Information provided:
——————
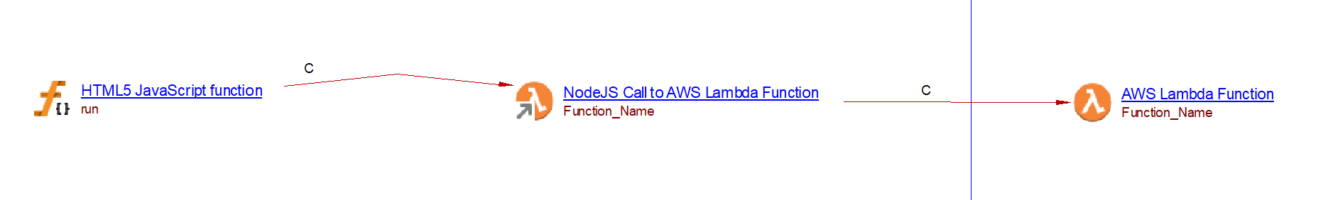 A lambda can be executed through an invocation. A NodeJS Call to AWS Lambda Function object is then created. Its name is that of the invoked Lambda function. The com.castsoftware.wbslinker extension will then link that object to any matching Lambda objects.
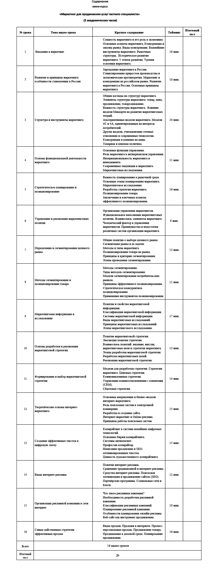 1. Мы разработали образовательную программу мини-курса «Маркетинг для продвижения услуг частного специалиста» таким образом, чтобы обучение проходило легко, без потери качества, и помогало начинающим специалистам-психологам уверенно сделать первые шаги в профессиональной деятельности. Курс сжатый, но насыщенный ключевыми знаниями и техниками, которые можно сразу применять на практике, что позволяет совмещать обучение с работой или другими обязательствами.
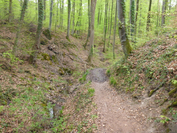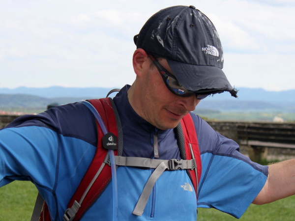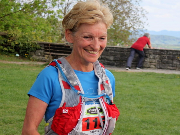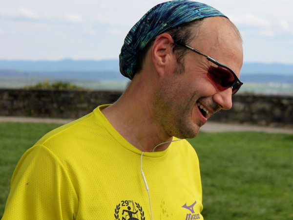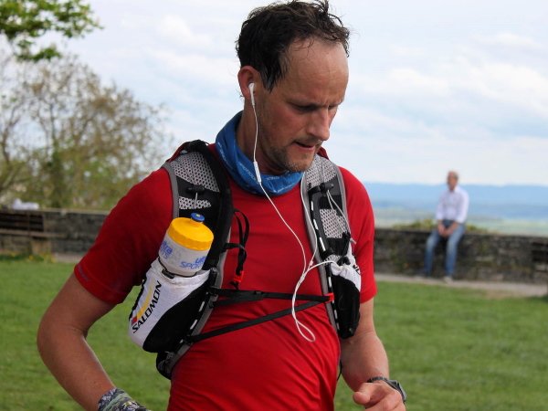 Am Stellenhäusle, einem alten Steinhaus von 1855, sichern Helfer die Straße. Nun geht es ein Stück am Waldrand entlang und dann links auf den nächsten Trail. Der Streckenposten macht mit seiner Rassel Lärm. Er hat an seinem Fahrrad ein Hinweisschild, dass es nur noch 10 km sind. Ich spüre, wie es mir langsam besser geht. Die Sonne ist verschwunden und es weht ein frischer Wind. Der Trail ist wellig und angenehm zu laufen. Die Steigungen kann ich nun wieder kraftvoller gehen und bergab läuft es sowieso. Plötzlich zeigt ein Schild links steil bergauf. Von weitem kann ich schon den Sani sehen, der oben steht und klatscht. Ich bedanke mich und er ruft mir noch gute Worte hinterher, denn es geht schon wieder bergab. Ich kann einen Läufer überholen, was mich zusätzlich motiviert.
——————
Exercise instructions:
Transcribe all of the material exactly, leaving out whatever pictures it contains.

Exercise solution:
 A lambda can be executed through an invocation. A NodeJS Call to AWS Lambda Function object is then created. Its name is that of the invoked Lambda function. The com.castsoftware.wbslinker extension will then link that object to any matching Lambda objects.
 1. Мы разработали образовательную программу мини-курса «Маркетинг для продвижения услуг частного специалиста» таким образом, чтобы обучение проходило легко, без потери качества, и помогало начинающим специалистам-психологам уверенно сделать первые шаги в профессиональной деятельности. Курс сжатый, но насыщенный ключевыми знаниями и техниками, которые можно сразу применять на практике, что позволяет совмещать обучение с работой или другими обязательствами.
 Am Stellenhäusle, einem alten Steinhaus von 1855, sichern Helfer die Straße. Nun geht es ein Stück am Waldrand entlang und dann links auf den nächsten Trail. Der Streckenposten macht mit seiner Rassel Lärm. Er hat an seinem Fahrrad ein Hinweisschild, dass es nur noch 10 km sind. Ich spüre, wie es mir langsam besser geht. Die Sonne ist verschwunden und es weht ein frischer Wind. Der Trail ist wellig und angenehm zu laufen. Die Steigungen kann ich nun wieder kraftvoller gehen und bergab läuft es sowieso. Plötzlich zeigt ein Schild links steil bergauf. Von weitem kann ich schon den Sani sehen, der oben steht und klatscht. Ich bedanke mich und er ruft mir noch gute Worte hinterher, denn es geht schon wieder bergab. Ich kann einen Läufer überholen, was mich zusätzlich motiviert.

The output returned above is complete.